Technoblogic(.io)

Shameful Self Promotion

Why DevOps Isn't a Job, It's a Culture

DevOps is not a job, it’s a culture. DevOps is a shift in how you decide to manage, deploy, develop, monitor, and interact with your application code and your infrastructure as a whole. DevOps is a holistic approach to enacting the now bankrupt term “agile” as a method of development and operations engineering in an organization.

At SRC:CLR we have a culture of DevOps that puts me face-to-face with developers everyday. At many companies the ‘DevOps’ team never sees another dev. In fact, they may not see another operations person either. Usually, when you hear the term ‘DevOps team’, that means it’s just another siloed group of people in a company, usually focused on automating infrastructure.

At SRC:CLR we roll DevOps in the way it was meant to be rolled: me, ‘Mr. DevOps’, sits shoulder to shoulder with our devs. No partitions, no separate team. When we get a Dir. of Engineering I’ll be reporting to him, the same as our devs. Our operations are tightly coupled with the development of our code. That coupling ensures everyone is on a flat playing field, pushing towards the same goal.

How does this affect operations and development at SRC:CLR? It’s the feedback loop stupid - it’s continuous integration of ideas and knowledge of our application and our infrastructure. It creates synergy between how we architect our applications and how we automate and deploy our infrastructure.

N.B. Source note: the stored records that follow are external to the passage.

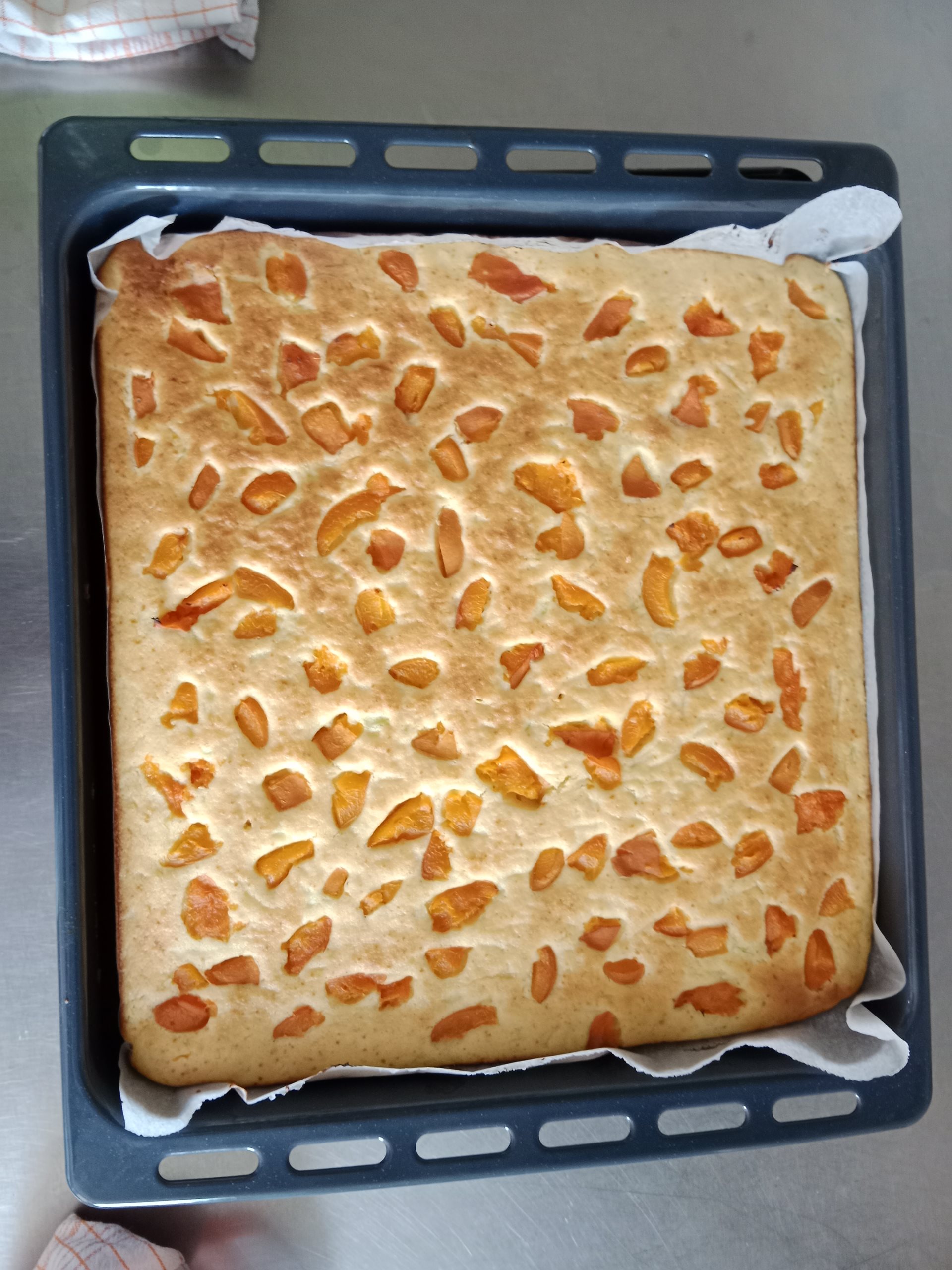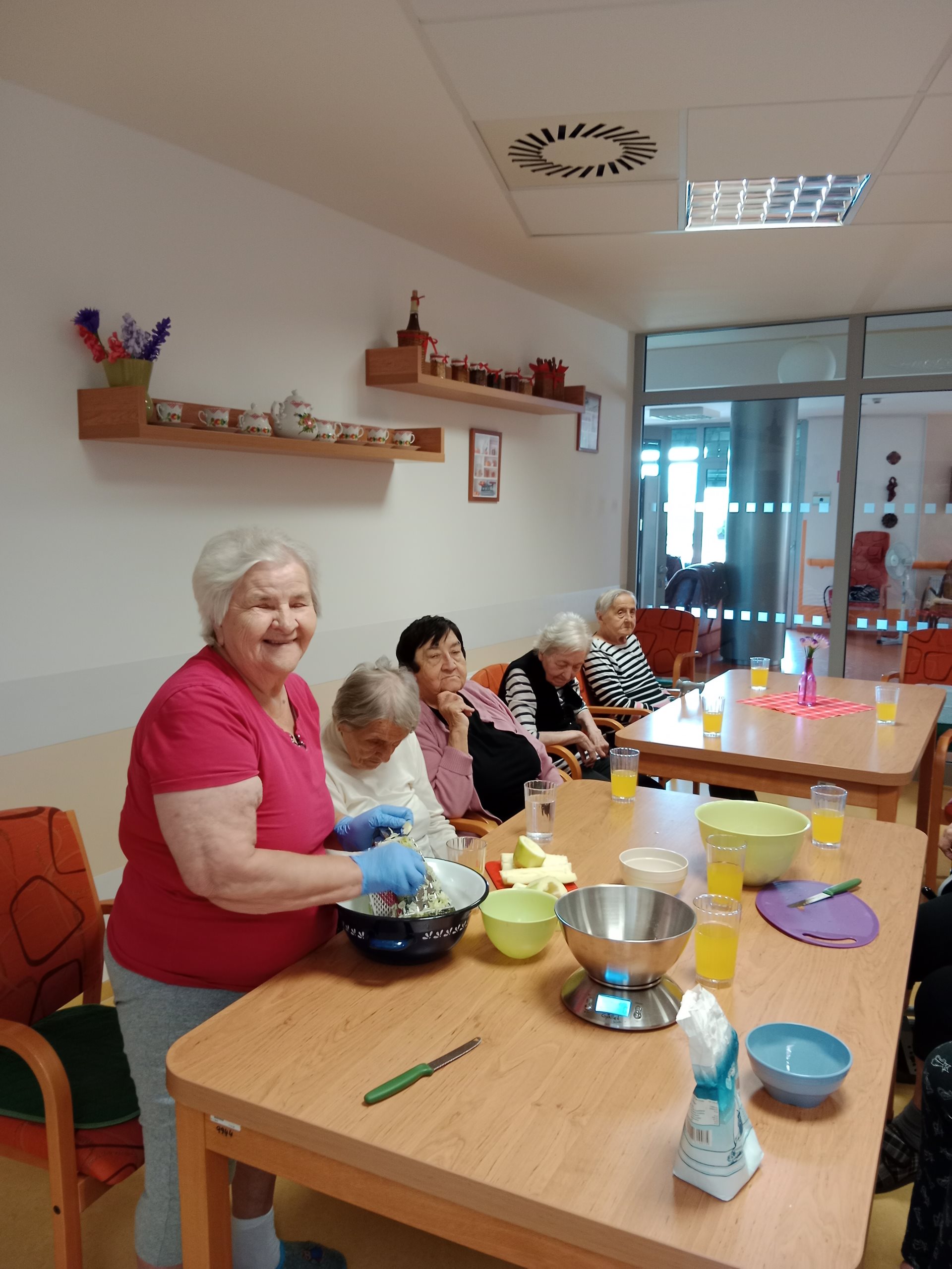 Tentokrát jsme si u nás v domově upekli cuketový koláč s meruňkami. Všem moc chutnalo.
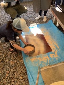 2、伊勢型紙を使っての柄付け(白描)作業   *10分
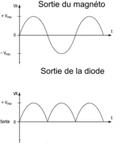 La tension alternative générée par la magnéto (1) alimente le module d’allumage, elle passe ensuite dans une diode (2) pour être redressée.
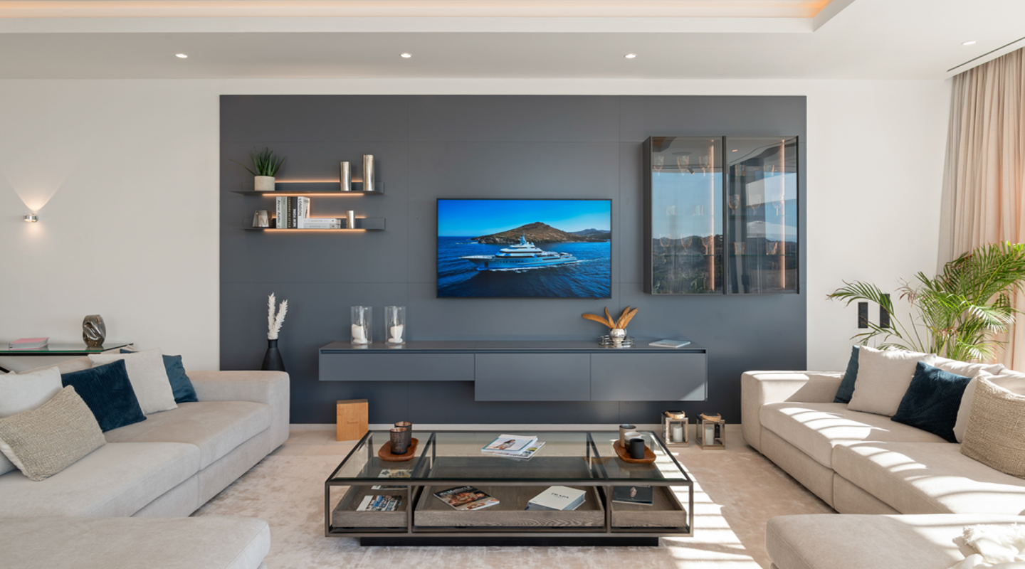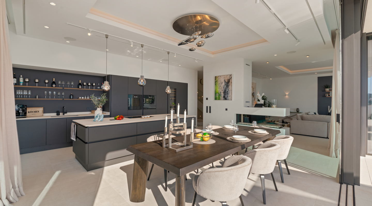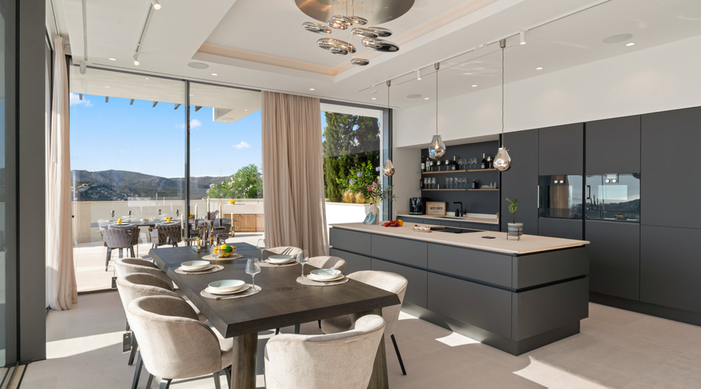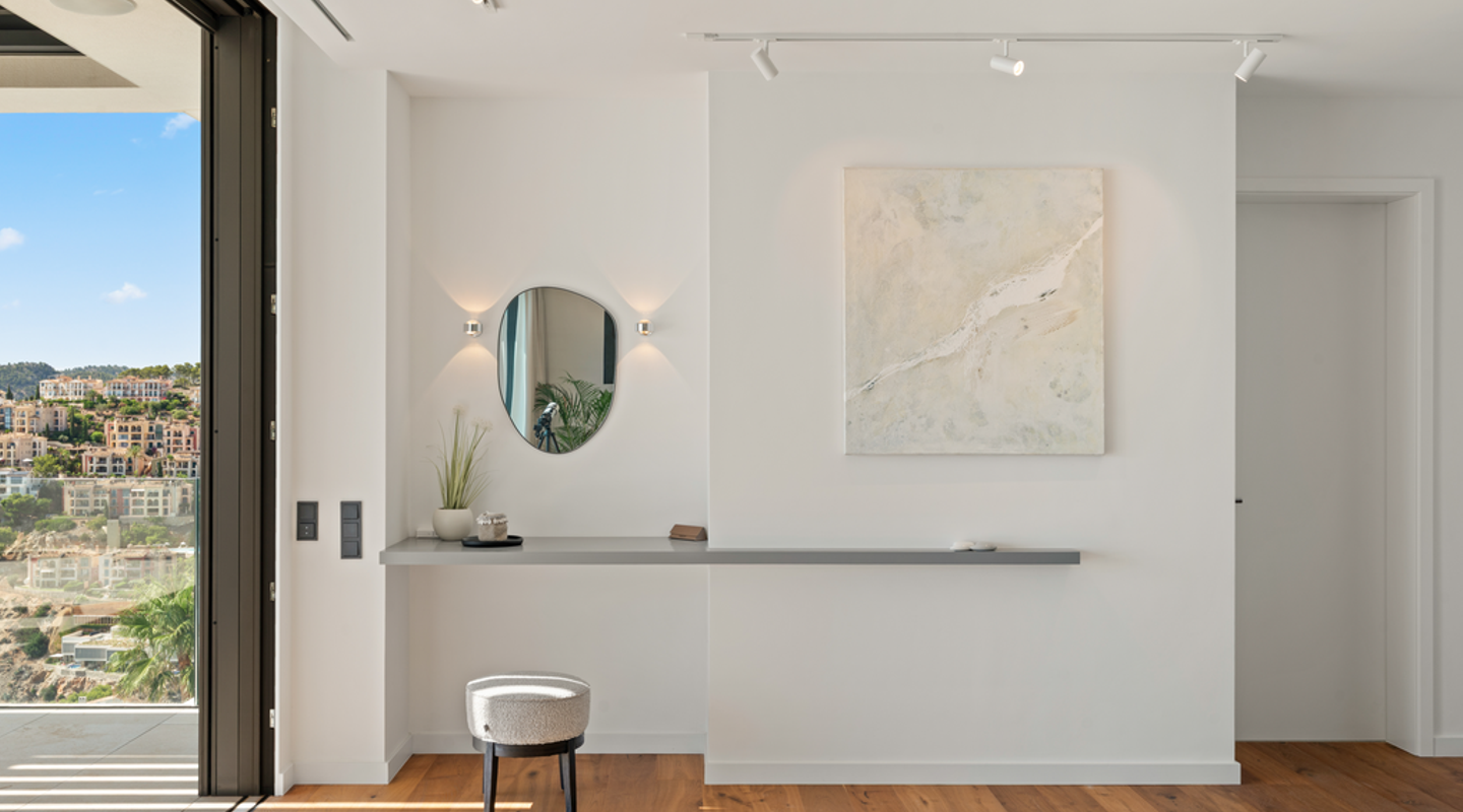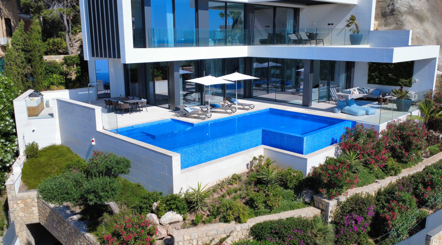 Denna moderna, fullt möblerade villa ligger i en av de vackraste vikarna i Puerto Andratx, Cala Llamp. Förutom bearbetningen av de finaste materialen är den absoluta höjdpunkten den spektakulära havsutsikten med solnedgångsgaranti. Fastigheten erbjuder en imponerande uppfart med vändskiva för din bil, en entréhall med central trappa och hiss till alla våningar. Upp till sex generösa sovrum med eget badrum och inbyggda garderober finns tillgängliga för ägaren och hans gäster. Vardagsrummet / matsalen med rymligt ultramodernt kök och de senaste Gaggenau-elektriska apparaterna, ansluter sömlöst till det stora terrassområdet med infinitypool och fri havsutsikt. Naturstengolv i stort format på terrasserna och i vardagsrummet, samt parkettgolv i sovrummen understryker den eleganta karaktären hos denna fantastiska villa. Funktionerna inkluderar: Underjordisk parkering för upp till 6 bilar, lyxiga badrum med inredning av Dornbracht och Hansgrohe, hemautomation, golvvärme, individuellt styrd luftkonditionering, vattenmjuknings- och reningssystem, en gasväggspis och en helt planterad och upplyst trädgård med automatiskt bevattningssystem. Kontakta oss gärna när som helst för mer information.
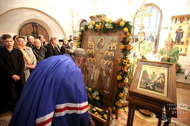 По завершении богослужения Блаженнейший владыка возглавил молебное пение перед иконой Собора преподобных и преподобномучеников Зверинецких. После молитвы святым митрополит Онуфрий поздравил архиереев, наместника обители, духовенство и мирян с 5-й Неделей Великого поста и днем памяти преподобных Зверинецких.

True story: last week we had a hard time diagnosing why one of our main services was crashing. At first we thought it was Tomcat not having enough heap space. That helped but didn’t fix it from continuing to silently crash. We enabled more robust logging but ended up with massive amounts of java spring output that we started grepping through.

Not useful.

I started looking at the process and realized our current monitoring system wasn’t robust. We were using a mixture of New Relic for application and systems monitoring with CloudWatch from AWS. New Relic didn’t have any logging data and what we wanted to find was correlation between the generated logs at failure and the process crashing. We didn’t have a robust tool to look at the log data.

I started looking at hosted solutions: SumoLogic, Librato + Logstash, loggly. In the end our developers and I agreed that even though Librato has AMAZING graphing capabilities that offloading our logs to a hosted solution was insecure at best. We needed to stand up a solution in our private VPC.

After that lunch meeting I went back to the drawing board and started piecing together some Puppet code around Elasticsearch, Logstash and Kibana that I had started the previous week. In an hour I had an ELK + Redis stack up and running that was pulling down unfiltered log data from the node running the service which was crashing.

If you’ve never graphed logging data you’re not doing it right.

One of the lead devs on our platform started looking at the graphing output. A lot of it was health checks from HaProxy. Not a problem, I can filter that out on the node using ‘drop{}’ in logstash. Next up was creating a lot of data on the node. We ran some queries against the service and started looking at the data that was coming in.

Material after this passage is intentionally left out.